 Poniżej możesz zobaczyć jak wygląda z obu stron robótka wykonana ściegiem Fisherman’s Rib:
---
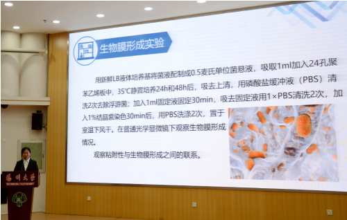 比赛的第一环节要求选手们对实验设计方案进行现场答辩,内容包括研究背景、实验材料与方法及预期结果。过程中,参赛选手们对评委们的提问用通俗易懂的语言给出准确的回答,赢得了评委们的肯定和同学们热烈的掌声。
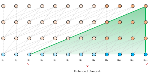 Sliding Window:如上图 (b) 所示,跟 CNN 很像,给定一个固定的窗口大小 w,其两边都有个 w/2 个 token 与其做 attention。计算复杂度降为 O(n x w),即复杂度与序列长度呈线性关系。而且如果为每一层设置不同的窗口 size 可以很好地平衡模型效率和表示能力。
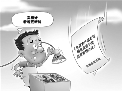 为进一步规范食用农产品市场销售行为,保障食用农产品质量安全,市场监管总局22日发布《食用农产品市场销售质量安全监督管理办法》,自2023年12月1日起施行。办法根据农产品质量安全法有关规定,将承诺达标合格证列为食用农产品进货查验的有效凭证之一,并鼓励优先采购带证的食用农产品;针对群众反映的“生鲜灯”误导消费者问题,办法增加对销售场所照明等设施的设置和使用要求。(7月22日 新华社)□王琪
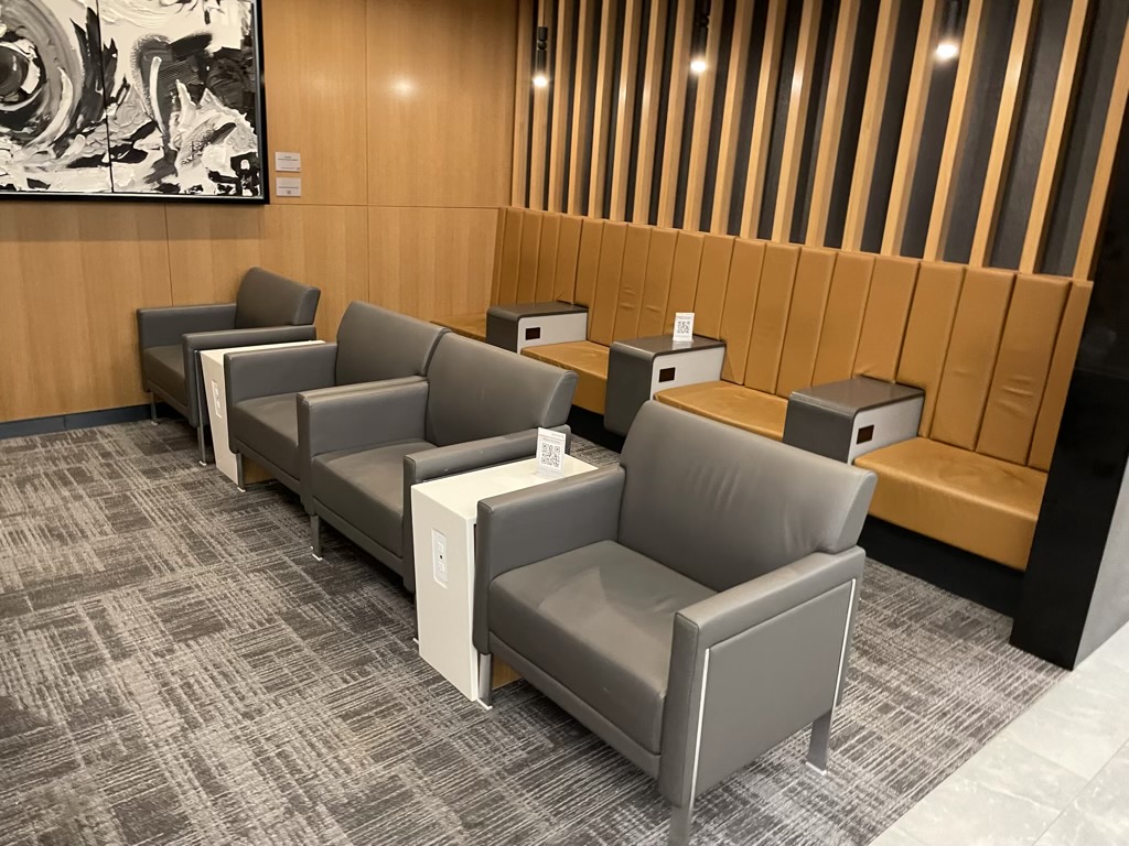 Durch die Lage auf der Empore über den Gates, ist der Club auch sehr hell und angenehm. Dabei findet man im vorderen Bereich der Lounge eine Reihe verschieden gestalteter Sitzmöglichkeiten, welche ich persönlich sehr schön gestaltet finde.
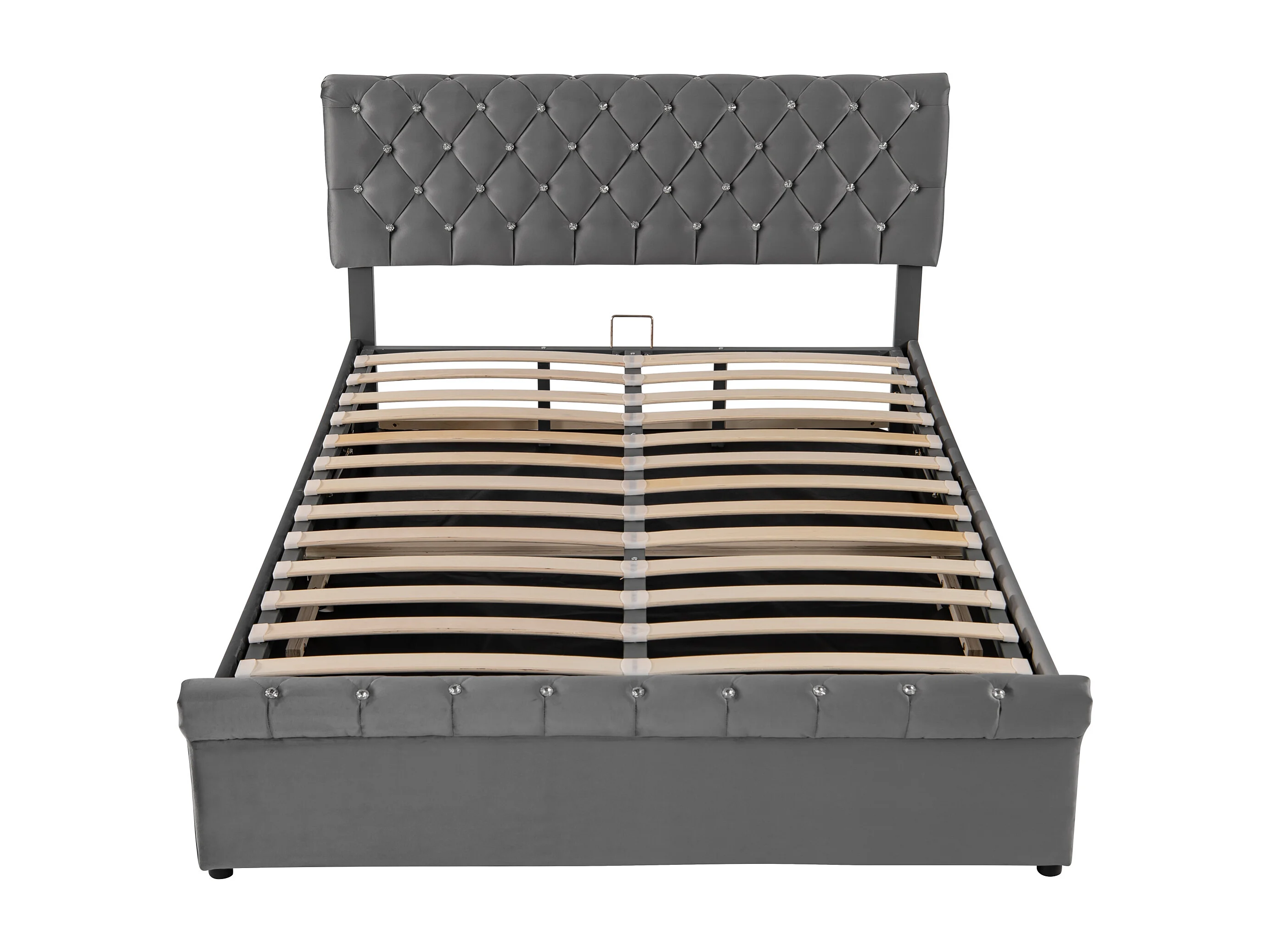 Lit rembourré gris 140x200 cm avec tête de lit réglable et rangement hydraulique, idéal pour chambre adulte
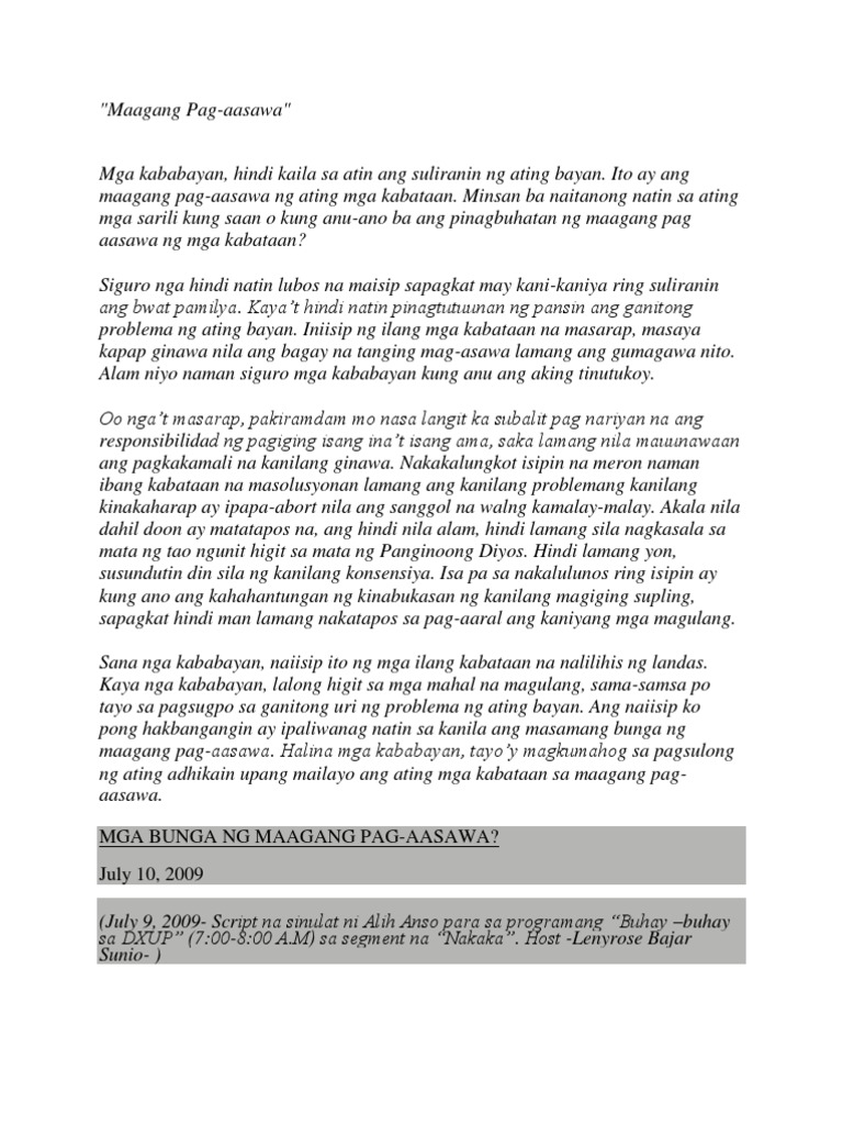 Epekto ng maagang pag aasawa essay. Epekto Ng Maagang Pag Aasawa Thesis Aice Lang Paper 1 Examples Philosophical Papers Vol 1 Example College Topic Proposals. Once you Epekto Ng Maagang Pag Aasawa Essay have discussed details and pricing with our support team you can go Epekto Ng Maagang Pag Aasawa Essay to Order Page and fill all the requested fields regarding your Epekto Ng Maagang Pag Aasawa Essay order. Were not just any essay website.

→ EXERCISE BRIEF: Reproduce the data above exactly, but only from the line containing "Durch die Lage" through the line containing "Lit rembourré gris". Omit all pictures.

→ TASK OUTPUT:
 Durch die Lage auf der Empore über den Gates, ist der Club auch sehr hell und angenehm. Dabei findet man im vorderen Bereich der Lounge eine Reihe verschieden gestalteter Sitzmöglichkeiten, welche ich persönlich sehr schön gestaltet finde.
 Lit rembourré gris 140x200 cm avec tête de lit réglable et rangement hydraulique, idéal pour chambre adulte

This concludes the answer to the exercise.